无论如何，您都需要根据每种经验来匹配机会规模，执行成本和可用技术，以平衡测试人员的力量。

结论 (Conclusion)

Building your design of experiments, like most things in life, is all about preparation. This process is designed to help reduce waste so that you can run more and better tests in the future, maximizing your insight rate.

像生活中的大多数事物一样，建立实验设计就是准备工作。此过程旨在帮助减少浪费，以便您将来可以运行更多更好的测试，从而最大限度地提高洞察率。

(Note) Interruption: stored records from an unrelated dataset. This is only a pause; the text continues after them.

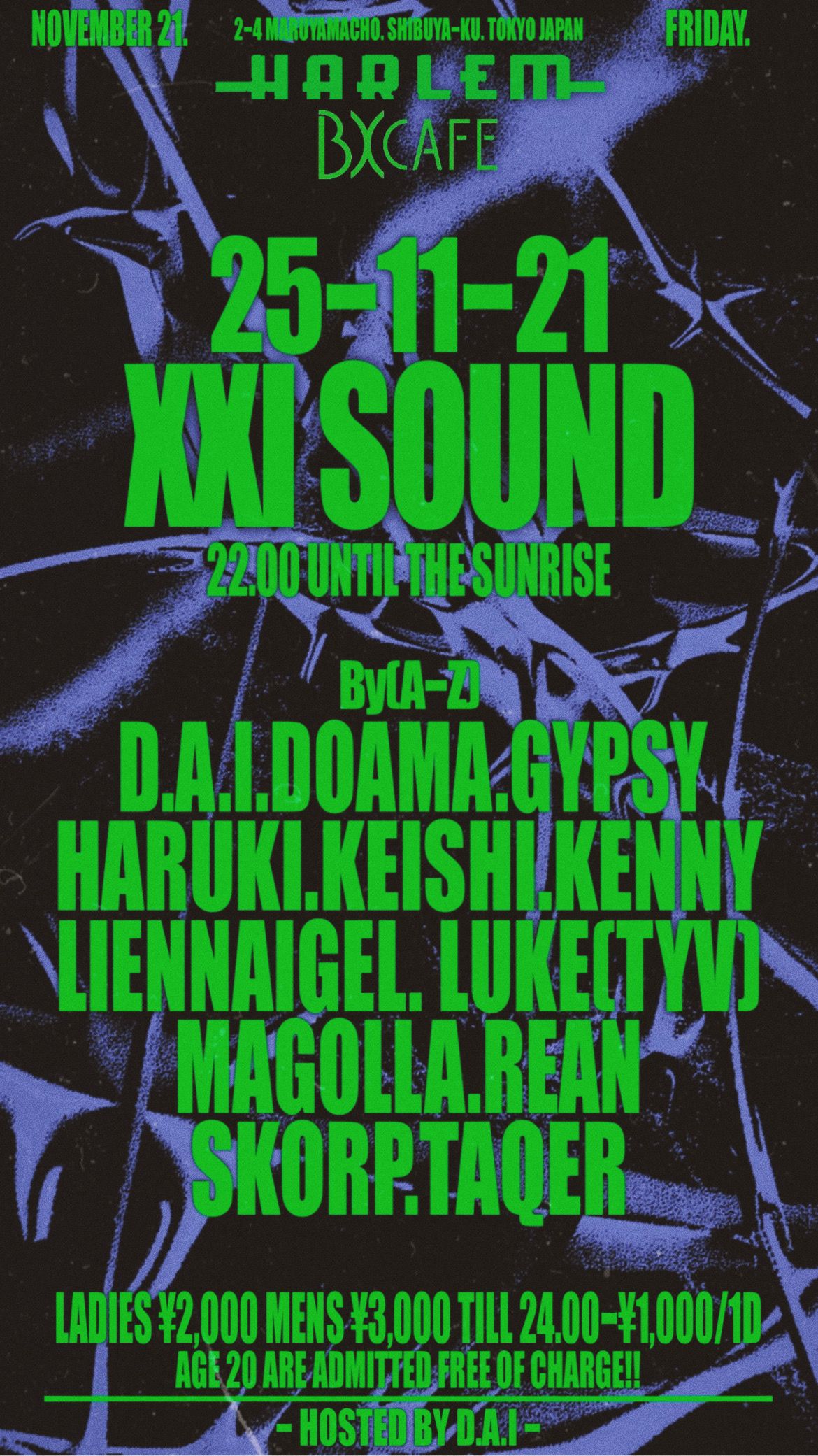 - LADIES ¥2,000 MEN ¥3,000 ※ till 24:00 ¥1,000/1d ※ AGE 20 ARE ADMITTED FREE OF CHARGE!!
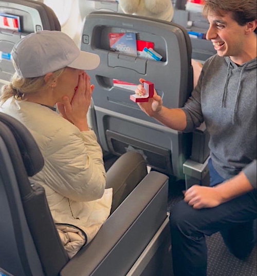 A man recreated a scene from the The Wedding Singer and proposed to his girlfriend mid-flight—with the help of giddy flight attendants.
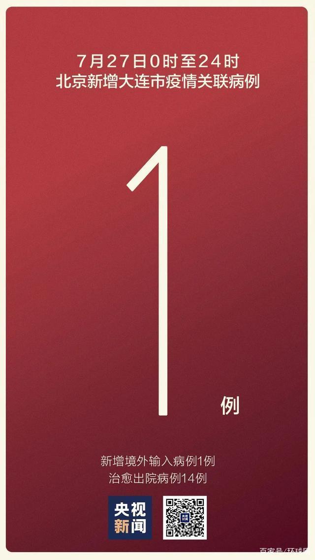 7月27日0时至24时,北京市新增境外输入病例1例、大连市疫情关联病例1例。
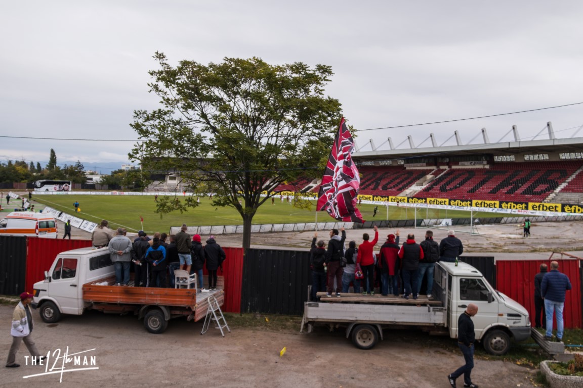We wisten van te voren dat de wedstrijd zonder publiek gespeeld zou worden. De thuisploeg had immers een straf van vier wedstrijden zonder publiek gekregen. Resultaat van een pitch invasion waarbij de scheidsrechter werd gemolesteerd. Welkom in de tweede divisie van Bulgarije!
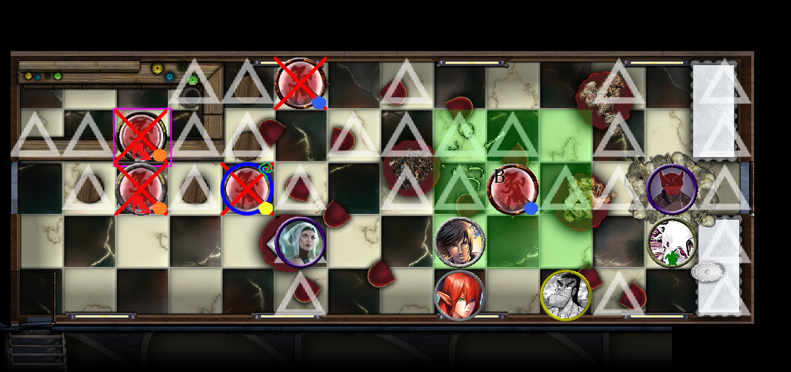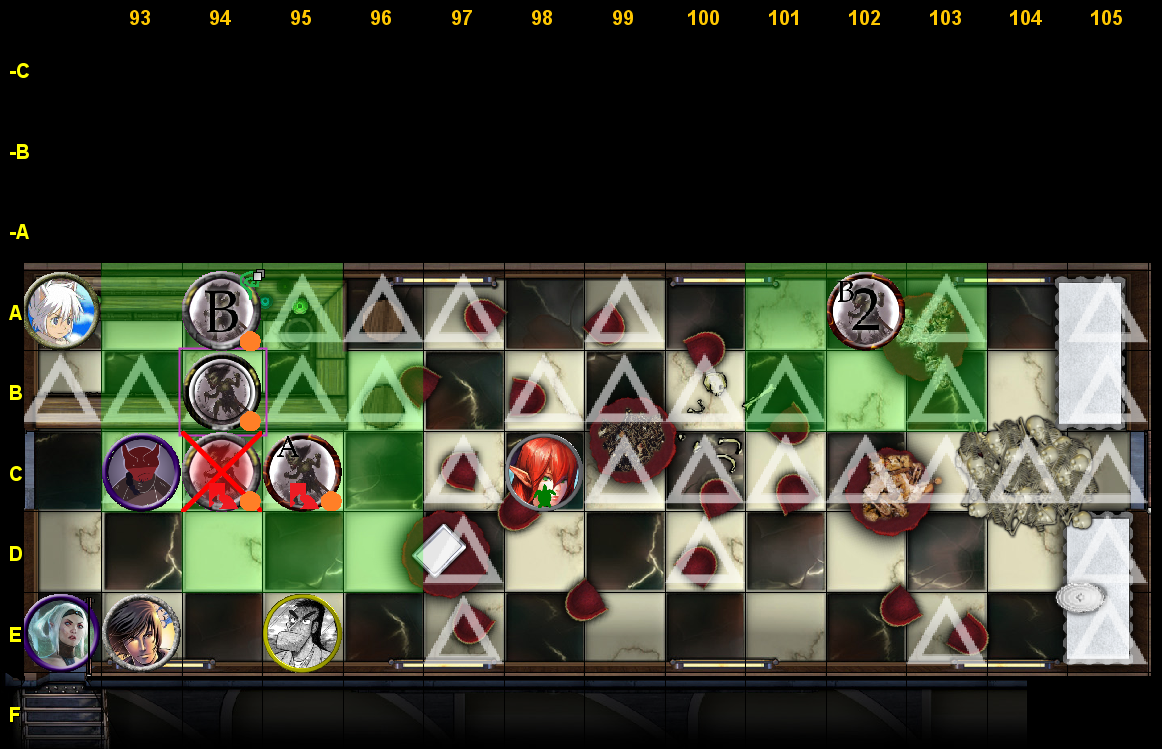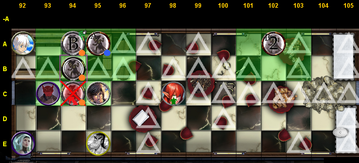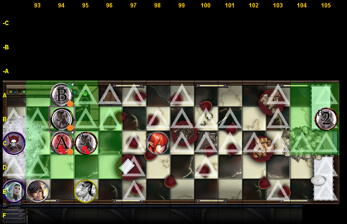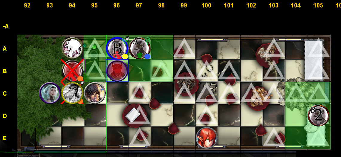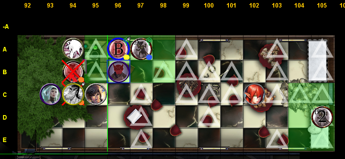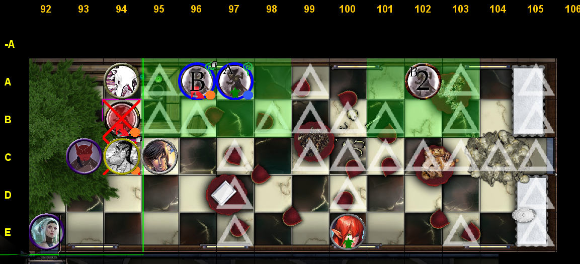 -Squares marked by triangles are difficult terrain and require an extra square of movement to enter

Evaluate the overall priority of your hypothesis/testing area with a method like PIE — Ensure all parties can participate fairly in the rating system
使用PIE之类的方法评估假设/测试区域的总体优先级-确保各方都能公平地参与评分系统
Review the business performance of each area of your experience to determine where effort should be best spent for ROI
审查您所经历的每个领域的业务绩效，以确定应该在哪些方面最好地投入ROI
Apply the levels of intelligence framework against those identified opportunities to minimize the cost of testing, while balancing the value extracted from the experiment or optimization
针对发现的机会应用智能框架级别，以最大程度地降低测试成本，同时平衡从实验或优化中提取的价值

With this process in your toolkit, continue to review your testing velocity, win rates, cost per experiment and overall ROI of your testing program. There’s nothing better than having data to support your decisions, not just about what variation is winning, but how you got to the testing methods and hypotheses themselves.

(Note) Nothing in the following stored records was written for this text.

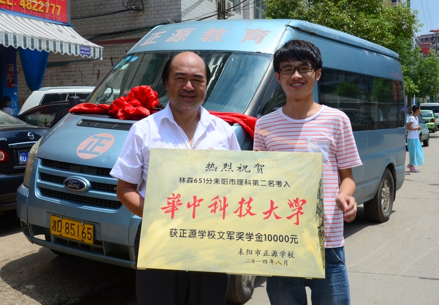 林森同学在2014年高考以651分耒阳市理科第二名的成绩考入华中科技大学就读电气工程及其自动化专业。
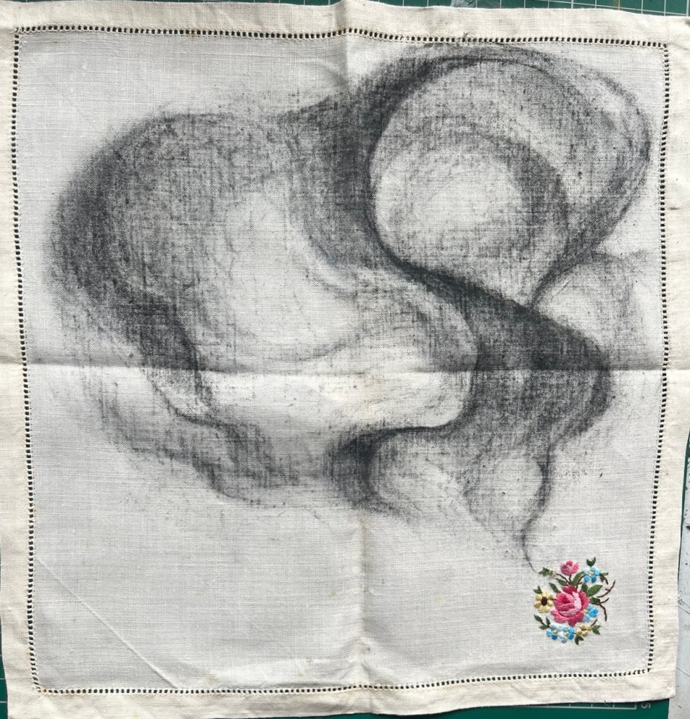 Playing with video – recreating the murmuration on a vintage embroidered napkin. The napkin is synonymous with the feminine ideal of the past …..a medium for further investigation…
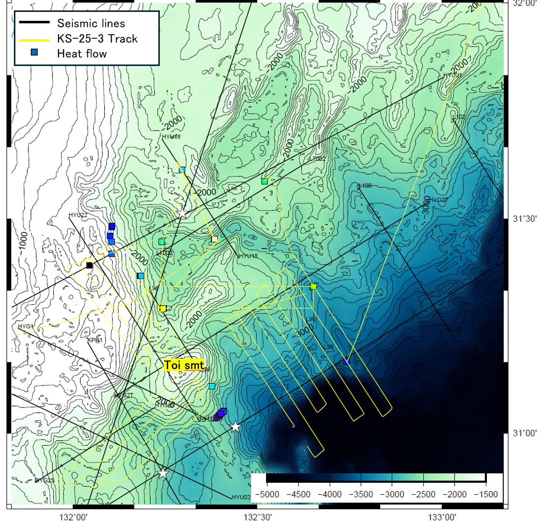 海山の沈み込みと上盤堆積物の相互作用により、両者とその境界面付近の応力場や有効強度は擾乱を受ける。それは巨大地震発生条件をmodifyし、おそらくは固着を弱めるであろう(Wang and Bilek, 2011など)。M8超の巨大地震発生が懸念される南海トラフの西端、日向灘周辺ではこれまでM8級の地震は発生していない。日向灘には、四国海盆と西フィリピン海盆の境界をなす、九州-パラオ海嶺(KPR)が沈み込んでいる。KPRとして沈み込んだ海山の周囲でスロー地震(微動・超低周波地震=VLFE・スロースリップ=SSE を総称)が時折発生し,震源位置が数十 km/day 程度で移動することが知られている。スロー地震の発生原因の一つが間隙水圧異常と提案されている(Takemura et al., 2023EPS; Ozawa et al., 2024JGR). 地下の流体(圧)異常を検出するためには、地震波解析から低速度層を検出し、かつ、科学掘削によりその場の間隙水圧を計測することが必要である。また上盤破砕帯などがあると、高圧の流体が破砕帯をつたって海底に湧出する可能性がある。 日向灘での反射法地震探査断面の解析により、BSR深度から熱流量が推定されている(Kinoshita et al., 2021 AGU)。海山の周辺では熱流量が40mW/m2を下回る低熱流量であり、特にLeading edgeでは20mW/m2といる超低熱流量が得られている。ただしこれらはBSR深度(海底下数百m)での熱流量であり、海底付近の局所的な水の流れや堆積等の擾乱は反映されないはずである。2021年8月(KS-21-18航海)および2025年4月(KS-25-3航海)に、日向灘での熱流量測定・コア採取・地形調査を行った(図)。プローブによる熱流量測定により33個の温度勾配が得られた。別途ピストンコアから得られた熱伝導率を用いて熱流量値を得ることができた。また沈み込んだ海山周辺の詳細な地形・表層構造が明らかになってきた。これまでに得られている反射法地震探査データから、日向灘沖で沈み込んだKPR(九州パラオ海嶺)上面の形状がある程度明らかになってきた。それを用いて海山上面でのSlip tendency (Ts)を推定し、前弧にあるToi smtのほぼ下にあるKPRの縁にそってTsが大きいことが示された(Kinoshita et al., 2025JpGU)。その場所のうち、特に北側(沈み込む前方側)でTremorなどが頻発している。地形およびSBPを精査した結果、Toi smtとその北側は、NNE-SSW走向のリッジやBasinが卓越している。おそらくは(海山沈み込みとは独立な)前弧付加体形成に伴うfrontal / imbricate thrustsであろうと推測する。そのような構造に対して、Toi smtの陸側(NW側)の地形がたかまっており、リッジが陸側にやや曲げられているように見える。SBPの記録と地形から、Toi smtの西の表層が圧縮性の構造が見て取れる。一方、海山のE~SE斜面には円弧滑りや地すべりと思われる地形が多数見受けられる。海山のNW側の地震構造でも逆断層的な構造がみえており、海山の沈み込みに伴う変形場が海底地形にも表れていると推測する。なお、海山の北(31°25-30’N)にある深海谷は、おそらく既存の断層性高まりを浸食していると考えられる。海底での熱流量計測の結果、限られた点数ながら、基本的には30-60 mW/m2 程度の低熱流量が観測された。一方、Toi smtの陸側、NE-SW方向に沿って、70 mW/m2を超える高熱流量が存在することが分かった。特に海山NEの海底谷において、300mW/m2を超える高い熱流量が観測されたのは特筆すべきである。低熱流量は,BSRから推定された値とほぼ整合的である。海洋地殻基盤(あるいはKPR)の形成年代)が古いことが一因と考えられる。一方、Toi smt陸側の高熱流量はBSRからの推定値とは整合しない。その原因としては、地形効果や堆積・浸食効果がありうるが、海山沈み込みによる周囲の応力異常・水理擾乱に起因する流体循環、特に地下の断層破砕帯を通じた局所的な流体上昇の可能性があるが、今回はコア試料の間隙水化学分析から特に流体上昇を示す証拠は得られていない。本発表では、このほかコア試料のCTや物性、記載などについても提示する予定である。なお本研究は科研費(基盤S、24H00020, 2024-2028) による。また東京大学大気海洋研究所の共同利用公募航海により実現した。感謝いたします。

在您的工具包中执行此过程后，请继续查看测试速度，获胜率，每次实验费用以及测试程序的总体投资回报率。没有什么比拥有数据来支持您的决策更好的了，不仅有什么在赢得成功，而且还有如何掌握测试方法和假设本身。

**Background vector created by GarryKillian — www.freepik.com

** GarryKillian创建的背景矢量— www.freepik.com

Originally published at https://www.capitalone.com.

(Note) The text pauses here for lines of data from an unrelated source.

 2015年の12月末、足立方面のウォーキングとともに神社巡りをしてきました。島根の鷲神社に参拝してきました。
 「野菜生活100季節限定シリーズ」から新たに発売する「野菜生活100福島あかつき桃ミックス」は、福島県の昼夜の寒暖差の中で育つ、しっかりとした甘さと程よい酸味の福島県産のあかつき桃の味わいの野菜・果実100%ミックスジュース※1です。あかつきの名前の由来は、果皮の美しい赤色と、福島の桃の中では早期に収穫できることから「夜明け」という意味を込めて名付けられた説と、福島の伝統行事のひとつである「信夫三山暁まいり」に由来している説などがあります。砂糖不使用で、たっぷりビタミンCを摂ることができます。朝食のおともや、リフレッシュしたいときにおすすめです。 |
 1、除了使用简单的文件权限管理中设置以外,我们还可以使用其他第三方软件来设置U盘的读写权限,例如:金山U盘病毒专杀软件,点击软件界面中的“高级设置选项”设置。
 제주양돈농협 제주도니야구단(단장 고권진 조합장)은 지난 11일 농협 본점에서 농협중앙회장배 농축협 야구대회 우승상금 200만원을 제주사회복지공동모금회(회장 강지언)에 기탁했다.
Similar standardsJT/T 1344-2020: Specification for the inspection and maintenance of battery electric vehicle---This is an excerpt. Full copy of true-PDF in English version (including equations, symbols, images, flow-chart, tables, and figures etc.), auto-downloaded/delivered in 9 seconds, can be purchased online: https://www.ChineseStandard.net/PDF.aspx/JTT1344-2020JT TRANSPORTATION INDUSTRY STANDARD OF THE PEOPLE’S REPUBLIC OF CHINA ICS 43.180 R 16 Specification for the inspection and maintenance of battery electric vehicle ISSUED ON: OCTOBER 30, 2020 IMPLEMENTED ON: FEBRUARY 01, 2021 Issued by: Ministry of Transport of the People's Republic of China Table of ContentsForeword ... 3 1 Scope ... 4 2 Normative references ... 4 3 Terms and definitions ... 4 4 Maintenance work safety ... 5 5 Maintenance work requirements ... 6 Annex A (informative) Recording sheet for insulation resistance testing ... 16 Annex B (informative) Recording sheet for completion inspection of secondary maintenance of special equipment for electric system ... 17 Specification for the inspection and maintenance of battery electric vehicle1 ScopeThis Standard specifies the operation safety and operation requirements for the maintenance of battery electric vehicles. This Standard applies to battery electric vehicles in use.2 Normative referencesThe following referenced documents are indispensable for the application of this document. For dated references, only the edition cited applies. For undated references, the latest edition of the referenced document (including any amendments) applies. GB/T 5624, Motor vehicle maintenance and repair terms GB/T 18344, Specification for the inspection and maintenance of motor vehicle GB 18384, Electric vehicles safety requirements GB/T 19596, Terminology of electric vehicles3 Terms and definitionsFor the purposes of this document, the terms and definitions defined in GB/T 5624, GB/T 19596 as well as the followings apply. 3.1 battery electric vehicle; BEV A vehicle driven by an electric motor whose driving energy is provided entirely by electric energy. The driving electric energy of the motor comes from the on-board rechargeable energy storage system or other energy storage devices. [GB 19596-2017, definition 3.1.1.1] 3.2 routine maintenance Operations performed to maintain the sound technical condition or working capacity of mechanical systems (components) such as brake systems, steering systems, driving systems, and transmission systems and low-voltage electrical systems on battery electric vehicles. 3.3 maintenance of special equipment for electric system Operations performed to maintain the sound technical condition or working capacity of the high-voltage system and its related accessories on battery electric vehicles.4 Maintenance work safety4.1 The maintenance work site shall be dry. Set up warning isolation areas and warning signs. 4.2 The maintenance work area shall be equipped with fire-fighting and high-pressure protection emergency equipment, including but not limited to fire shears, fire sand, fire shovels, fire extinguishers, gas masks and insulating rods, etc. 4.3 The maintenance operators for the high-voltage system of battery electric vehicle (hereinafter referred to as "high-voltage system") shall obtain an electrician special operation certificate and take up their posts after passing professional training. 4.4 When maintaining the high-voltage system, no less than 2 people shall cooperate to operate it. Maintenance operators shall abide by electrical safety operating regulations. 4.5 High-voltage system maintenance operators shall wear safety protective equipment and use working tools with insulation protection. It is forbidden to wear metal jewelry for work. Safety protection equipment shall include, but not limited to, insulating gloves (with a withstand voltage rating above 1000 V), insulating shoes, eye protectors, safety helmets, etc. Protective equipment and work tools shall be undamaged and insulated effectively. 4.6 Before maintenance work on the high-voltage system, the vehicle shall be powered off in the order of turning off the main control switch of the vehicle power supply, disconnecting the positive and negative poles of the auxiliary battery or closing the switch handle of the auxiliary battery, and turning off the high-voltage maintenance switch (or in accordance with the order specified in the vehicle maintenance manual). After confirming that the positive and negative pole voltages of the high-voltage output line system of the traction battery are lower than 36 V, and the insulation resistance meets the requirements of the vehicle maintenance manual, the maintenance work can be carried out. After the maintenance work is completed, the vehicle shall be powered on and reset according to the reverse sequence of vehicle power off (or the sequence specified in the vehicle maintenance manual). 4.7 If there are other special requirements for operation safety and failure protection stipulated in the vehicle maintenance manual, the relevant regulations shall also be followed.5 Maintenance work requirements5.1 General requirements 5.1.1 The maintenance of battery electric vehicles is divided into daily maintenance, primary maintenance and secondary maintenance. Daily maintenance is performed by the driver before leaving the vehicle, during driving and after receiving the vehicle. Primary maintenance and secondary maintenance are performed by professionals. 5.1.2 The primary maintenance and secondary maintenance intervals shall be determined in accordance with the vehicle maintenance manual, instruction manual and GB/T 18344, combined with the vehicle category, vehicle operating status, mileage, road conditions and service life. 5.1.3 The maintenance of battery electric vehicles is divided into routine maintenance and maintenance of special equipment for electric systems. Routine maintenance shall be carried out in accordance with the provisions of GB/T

最初在https://www.capitalone.com上发布。

DISCLOSURE STATEMENT: © 2020 Capital One. Opinions are those of the individual author. Unless noted otherwise in this post, Capital One is not affiliated with, nor endorsed by, any of the companies mentioned. All trademarks and other intellectual property used or displayed are property of their respective owners.